Chuck Klosterman is The Ethicist for the NYT. I am the Monday Morning Ethicist.
I received an envelope that was addressed to my home but did not include a name. I recognized the last name on the return-address label. I opened the envelope and realized it was intended for my neighbor, a woman I have known, along with her husband, for many years. The letter chronicled the dates and locations of an affair the sender claimed his wife was having with my neighbor’s husband. I regret reading the letter. Upon looking more closely at the envelope, I was able to discern my neighbor’s name (the wife) and the words “private and confidential,” but these were obscured by the postmark. It seems the sender intentionally sent the letter to my home to keep the husband from intercepting it, counting on me to deliver it to the wife. Now that the envelope is open, the neighbors will know that I have read the allegations. What is my obligation: To deliver the letter or to inform the sender that this plan didn’t go as intended?

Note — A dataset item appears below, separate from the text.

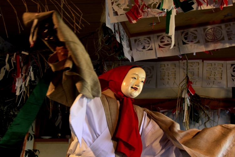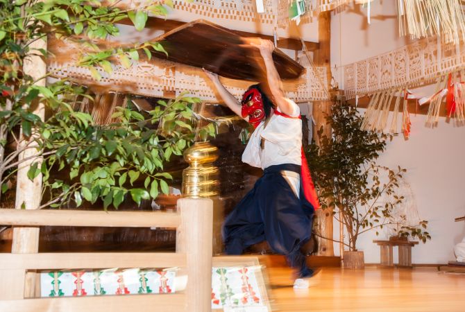 每年时逢十一月底,九州宫崎县的高千穗便会举行夜神乐,通宵达旦地举办舞蹈表演、说书、打鼓,民众戴着象征各尊神明的面具登场表演,欢庆这项拥有 800 年历史的传统仪式。表演述说日本历史的起源,颇具娱乐性质,而且内容精彩丰富。高千穗的夜神乐被指定为国家重要非物质民俗文化遗产。

NAME WITHHELD
Chuck said (in so many words): All of your options suck, but the most ethical and least sucky thing to do is give the letter to the wife, explain that you accidentally opened it and read it, apologize and stress that you don’t know if any of what the letter says is true, and wash your hands of the whole tawdry affair.
I say: Uh huh, right. “Upon looking more closely, I was able to discern my neighbor’s name, but the postmark blocked it out.” Um, suuuuuuuuuure. We’re all familiar with those postmarks the size of North Dakota, the ones that obscure the addressee’s name, aren’t we kids?
Ahem. Aren’t we kids? Kids?
OK, aside from the fact that—Liar! Liar! Pants on fire!—you knew exactly what you were doing when you opened that letter, what jumps out at me here is FREE EXTRAMARITAL SEX! This wife, your neighbor, she’s got a gimme coming. She’s got a booty score to settle, only she doesn’t know it yet. But you, you big handsome, rugged, conscientious, concerned neighbor-man, you DO know about it. And you’re going to break it to her, oh so gently.
This is easy: give her the letter, tell her you’ve always had the hots for her, point out she’s owed some guilt-free nooky, and offer yourself up for stud services.
I’ve seen this same scenario work in porn movies dozens of times. In fact, you may want to bring along a video camera.